Improvement of ultrasound microwave-assisted enzymatic production and high hydrostatic pressure on emulsifying, rheological and interfacial characteristics of sweet potato protein hydrolysates
文献类型: 外文期刊
第一作者: Falade, Ebenezer Ola
作者: Falade, Ebenezer Ola;Mu, Tai-Hua;Zhang, Miao
作者机构:
关键词: Sweet potato protein hydrolysates; Emulsion; Rheology; Interface; High hydrostatic pressure; Ultrasound-microwave-assisted enzymatic hydrolysis
期刊名称:FOOD HYDROCOLLOIDS ( 影响因子:7.053; 五年影响因子:7.077 )
ISSN: 0268-005X
年卷期: 2021 年 117 卷
页码:
收录情况: SCI
摘要: Herein, we investigated effects of ultrasound microwave (UM)-assisted enzymatic hydrolysis and high hydrostatic pressure (HHP, 300, 400 and 500 MPa) on emulsifying, rheological and interfacial characteristics of sweet potato protein hydrolysates (SPPH). UM significantly improved emulsifying properties of SPPH. Emulsion stabilized with SPPH by UM at 400 MPa was the most physically stable with ESI of 43.16% compared with other emulsions, which showed lower particle size (239.25 nm) but higher zeta potential (26.75 mV). HHP increased adsorption and antioxidant activity of SPPH at interfacial layer.

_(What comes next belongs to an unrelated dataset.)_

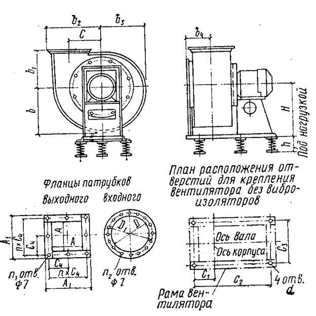 В нашем случае расчетный участок один, потери давления происходят на различного рода поворотах и при присоединении к вентилятору через конфузор. Потери давления на местные сопротивления: 1. Конфузор(переходом): α =100 при соотношении L/dЭν свыше 0, 6 z =0, 1 2. Отвод из звеньев круглого сечения (нормаль серии АЗ-187), два поворота на 900 z = 0, 4 Тогда: å z = 0, 1 + 0, 4*2 = 0, 9 Z = 0, 9 * 18, 73 = 16, 85 (кгс/м2) р = 1, 97 * 9, 2 + 16, 85 = 34, 97 (кгс/м2) Принимая запас на неучтенные потери 10%, получаем; р = 34, 97 * 1, 1 = 38, 47 (кгс/м2); Lотс. = 1600 * 1, 1 = 1760 (м3/ч) 2.2.3 Подбор вентилятора Исходя из полученных данных подбираем вентилятор. Вентиляторный агрегат (А2, 5095-2) типа Ц4-70 № 2, 5 (с промежуточными диаметрами колес) с колесом 0, 95 Dном., числом оборотов по первой характеристике (n = 2800 об/мин) и электродвигателем Ny = 0, 27 кВт.
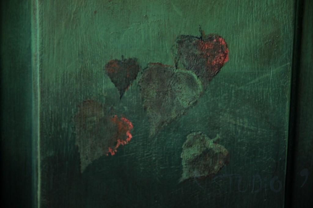 Zielona szafka, zanim zaczęła być zielona była jasnobłękitna i chyba już raz malowana. Poddana została wyjątkowemu testowi wytrzymałości. Żeby zrobić kilka ciekawszych niż zazwyczaj zdjęć postanowiłam wykorzystać niecodzienne modelki Stanęły nie tylko na wysokości zadania ale i na szfce oraz sprawiły mi wielką frajdę podczas robienia zdjęć. Odłożyłam aparat, chwyciłam za pędzel i robota poszła w ruch. Pierwszy raz robiłam takie przejście: od granatu poprzez ciemną zieleń do jasnej zieleni. Do tego malowane, lekko strukturalne liście brzozy. Malowane? Ba! Prawdziwe liście brzozy malowane, następnie odbijane na szafce i dopieszczane pędzelkiem ręcznie. Kolory liści uzyskiwałam z tych samych kolorów, którymi cieniowana była szafka. Ciemny wosk dodał efekt patyny czasu a miedziana folia oraz złoty wosk nieco blasku i elegancji. Całość prezentuje się tak

Emulsion stabilized with UM-SPPH400MPa presented the highest adsorbed peptides at interface (23.79%) with a high ORAC value of 100.49 ?g TE mL-1, from which diverse peptides with potential antioxidant activities were obtained by LC-MS/MS. Additionally, changes in peptide conformation and position of some specific amino acids were revealed by structure-activity relationship analysis. Therefore, ultrasound-microwave and HHP have great potential in peptides production with enhanced functionality.